La última sabia

Cibrán

«El pasado tiene sus códigos y costumbres».

Sócrates

CIBRÁN

Santiago de Compostela, 2001

El hombre sin nombre abrió los ojos y parpadeó al sentir los rayos de luz que se colaban por el ventanuco. Sus iris, dos piedras de sol pulidas con gran amor y extraordinario realismo, se encendieron como bombillas diminutas.

Era un nuevo día. Otra vez.

Colocó un taburete bajo la ventana y se asomó con disimulo. Las aletas de su nariz se dilataron mientras el aire fresco de la mañana serpenteaba hasta sus pulmones. Deslizó tímidamente los dedos por el hueco, pero los retiró de inmediato al recordar la prohibición del maestro de las letras: «Nunca abras la ventana más de tres centímetros. Hay mucha gente cotilla que no dudará en asomar sus narices si se lo pones fácil».
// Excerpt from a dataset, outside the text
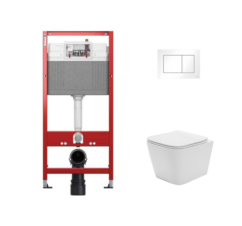 Комплект инсталляции TECEbase 9400413 с белой кнопкой и унитазом Lekvo T-202

Y es que nadie, jamás, podía conocer la existencia del hombre sin nombre.

Las palomas gorjeaban y a lo lejos se escuchaba el traqueteo de los carritos de la compra. Los más madrugadores se dirigían al mercado de abastos y, en un par de horas, aquellas rúas que solo podía ver en su imaginación se llenarían de conversaciones y risas, arropadas por la melodía de algún artista callejero. Una vez más, la vida se desplegaría ante sus ojos para restregarle un abanico de oportunidades que nunca podría rozar.
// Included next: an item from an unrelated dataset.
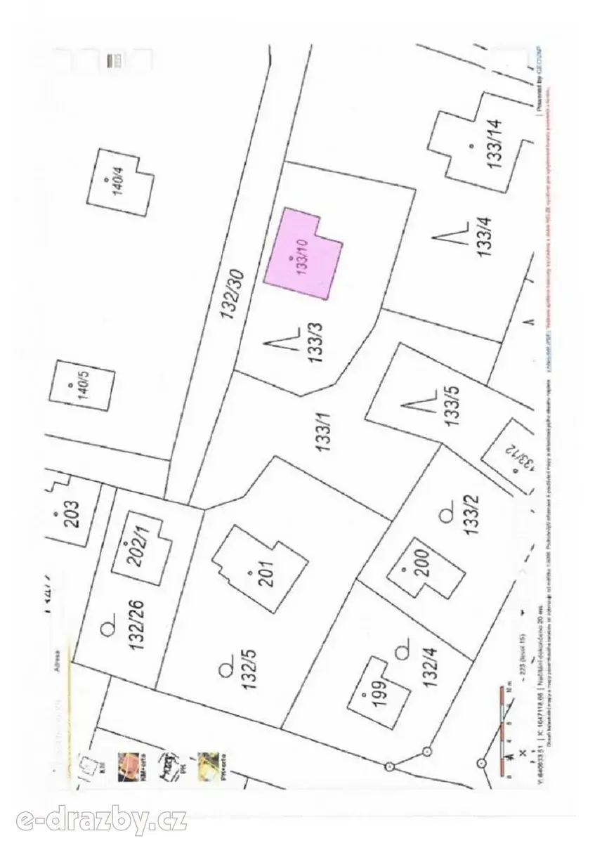Chata je postavena na pozemku jiných vlastníků a pozemek, který není zastavěný, ale užívaný společně s chatou je taktéž ve vlastnictví jiných vlastníků. Pozemky jsou neudržované, zarostlé náletovými křovinami, které znemožňují přístup do objektu. Znalec vychází z informací poskytnutých sousedkou paní Erbenovou, notářkou JUDr. Světlanou Čápovou, poskytnutých fotodokumentací z minulého období a místního šetření, které bylo provedeno dne 2.7.2025 znalcem, kde dle dostupnosti, bylo provedeno částečné zaměření. Do objektu nebylo možno vstoupit z důvodu náletu, který brání ve vstupu.

Devolvió el taburete a su sitio y dio un respingo al escuchar el susurro. Dirigió una mirada temerosa hacia el rincón, donde la sombra dormitaba envuelta en su reluciente capa metálica. Procuraba no mirarla cuando le encerraban en el despacho, pero a veces la tentación era irresistible. Había intentado acercarse a ella, le había preguntado por qué le hacía eso, pero la sombra le ignoraba, siempre durmiente, hasta que llegaba la hora. Nunca le avisaban, simplemente le inmovilizaban y sumergían su cuerpo en las entrañas de la bestia, donde cientos de mandíbulas pinzaban su piel y succionaban su alma. Al principio, gritaba pidiendo auxilio, preguntando a voz en grito qué había hecho mal. Con el tiempo comprendió que aquello solo servía para tragar cantidades ingentes de tierra. Nadie respondía a sus súplicas, nadie le explicaba nada. Aturdido, se limitaba a cerrar los ojos mientras aguardaba la llegada de aquella apacible oscuridad que precedía a la pérdida de consciencia.

Pero ahora no quería pensar en la sombra. Abrió la puerta y se asomó con sigilo. Tenía tiempo de sobra para campar a sus anchas antes de que llegara el librero.
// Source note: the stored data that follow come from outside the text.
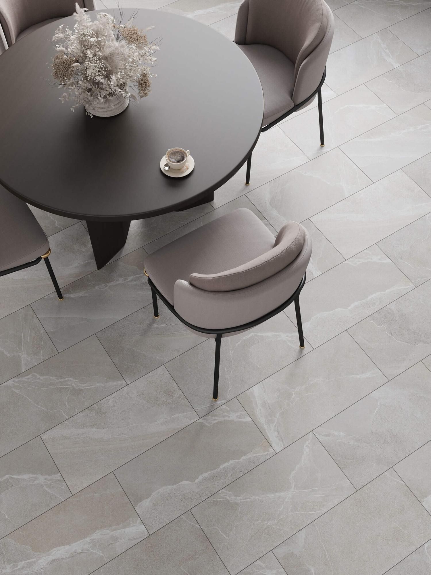 В текстурах Диккенса можно увидеть микс мрамора и песчаника, а оттенки от нежно-серого до антрацита помогают создать свой неповторимый интерьер. Однако, мы не рекомендуем использовать все три артикула в одном интерьере, а также сочетать 6260-0225 и 6260-0227 на одной поверхности.
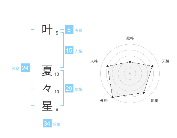 叶 夏々星さんを姓名の画数から五運を鑑定
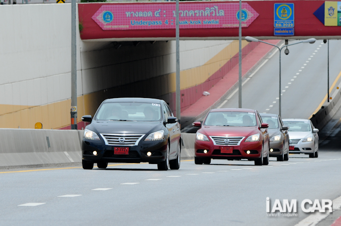 การทดสอบครั้งนี้ ทาง NISSAN จัดเตรียมรถทดสอบเฉพาะเครื่องยนต์ เบนซิน 1.8 ลิตร จำนวน 10 คัน ผมขอกล่าวถึงเครื่องยนต์เบนซิน 1.8 ลิตร รหัส MRA8DE ก่อนน่ะครับ เครื่องยนต์ดังกล่าวได้รับการพัฒนาขึ้นไปอีกขั้น ด้วยการเพิ่มช่วงชักกระบอกสูบผสานไปกับการทำงานของระบบวาล์วแปรผันคู่ Twin C-VTC (Twin Continuously-Variable Timing Control) เพิ่มระยะชักกระบอกสูบให้ยาวขึ้นทั้งฝั่งไอดีและไอเสีย เพื่อให้การเผาไหม้สมบูรณ์ยิ่งขึ้น และเคลือบแข็งระบบสปริงวาล์ว Diamond-like carbon coating ช่วยลดน้ำหนัก แรงเสียดทานและแรงเฉื่อยของวาล์ว เสริมประสิทธิภาพการทำงานของเครื่องยนต์ เงียบขึ้นและประหยัดน้ำมันมากขึ้น ความจุกระบอกสูบ 1,798 ซีซี แรงม้าสูงสุด 131 แรงม้าที่ 6000 รอบ/นาที แรงบิดสูงสุด 174 นิวตัน-เมตรที่ 3600 รอบต่อนาที ระบบขับเคลื่อนแบบ XTRONIC CVT
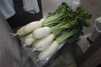 12月5日(火)今日の給食には、田辺だいこんが使われていました、田辺だいこんは大阪の伝統野菜の一つです。今日の給食には、白い部分は煮物に、葉の部分は味噌汁に使われていました。残すところなく大切に食材を使って調理していただいています。白い部分が短くて、葉の部分がとても長い、田辺だいこんの写真を給食室の入り口にはりました。

Le gustaba vagar en soledad por aquellos pasillos silenciosos y respirar el polvo y la sabiduría que rezumaban. Se había acostumbrado al primero (aunque el maestro solo le permitía limpiarlo una vez al mes) y estaba enamorado de la segunda. A pesar de su breve vida, sus dedos sin huellas habían pasado miles de páginas, y si algo tenía claro, era que aquellos viejos volúmenes le habían salvado de las garras de la locura. Eran amigos honestos que compartían sus secretos, sus misterios y sus aventuras, llenando poco a poco ese inexplicable vacío interior que tanto le atormentaba. Últimamente, se encontraba más nervioso que de costumbre. Llevaba demasiado tiempo rumiando preguntas y empezaba a hartarse de no hallar respuestas. ¿Para qué diablos había venido él al mundo?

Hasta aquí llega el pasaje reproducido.